Myślałam, że mi odbija.


#1

Can anybody explain how this sentence works? The English translation on CM is given as ‘I thought I was losing my mind’. The literal translation I think is something like ‘I thought (it) was reflecting on me’. I’ve looked up the infinitive of ‘odbija’ which gives ‘odbijać’ (imp. verb), which gives multiple different meanings:

to bounce to broach to mirror to chip off to fork to fork off to impress to make a copy of to print to injure to prise open to pry open to push off to set sail to recapture to rescue to retake to recoil to return to take out to vent to turn off to strike off to reflect to image to take away.

I’m finding it difficult to relate any of these meanings to a loss of sanity, as per the CM translation, unless it perhaps it relates to ‘to take away (sanity)’?. Can anyone explain the CM translation any further?
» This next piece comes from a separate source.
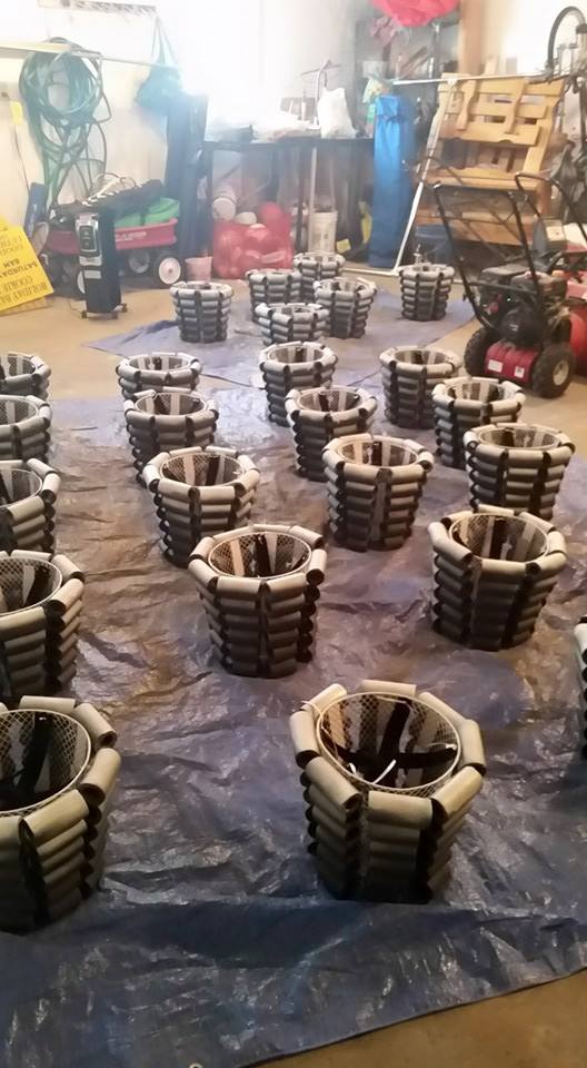Hats set out for painting. I painting the bottom edge first, and then flipped them over and did the rest.

Thanks


#2

I like to check the PWN Słownik Języka Polskiego when I want to understand nuances that bilingual references may not touch upon. As you’ve noted, “odbić się” has a variety of literal and figurative meanings related to the general idea of “reflecting/bouncing off.”
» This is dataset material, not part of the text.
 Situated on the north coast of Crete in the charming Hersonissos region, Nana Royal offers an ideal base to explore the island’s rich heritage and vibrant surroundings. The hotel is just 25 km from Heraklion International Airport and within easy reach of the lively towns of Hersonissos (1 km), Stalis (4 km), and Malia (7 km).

Looking up the word in the SJP (https://sjp.pwn.pl/szukaj/odbić.html), I think meaning 7 most closely relates to this sense: “wywrzeć na coś wpływ, zwykle niekorzystny” (to have an influence on something, usually adverse). So, I guess the idea is that whatever it is, is “bouncing off” you, it is not agreeable or making sense, and is therefore upsetting. But it’s probably not worth trying to understand the phrase too literally as I’m sure Polish natives just encounter it as a set expression.


#3

Thanks for your help and for the very useful link, it it appreciated. I thought it could just be an idiomatic/colloquial expression. Cheers


#4

@calydzien is right, this is a set expression that we natives don’t think about too much. It’s hard for me to say why the verb might have ended up as part of the idiom.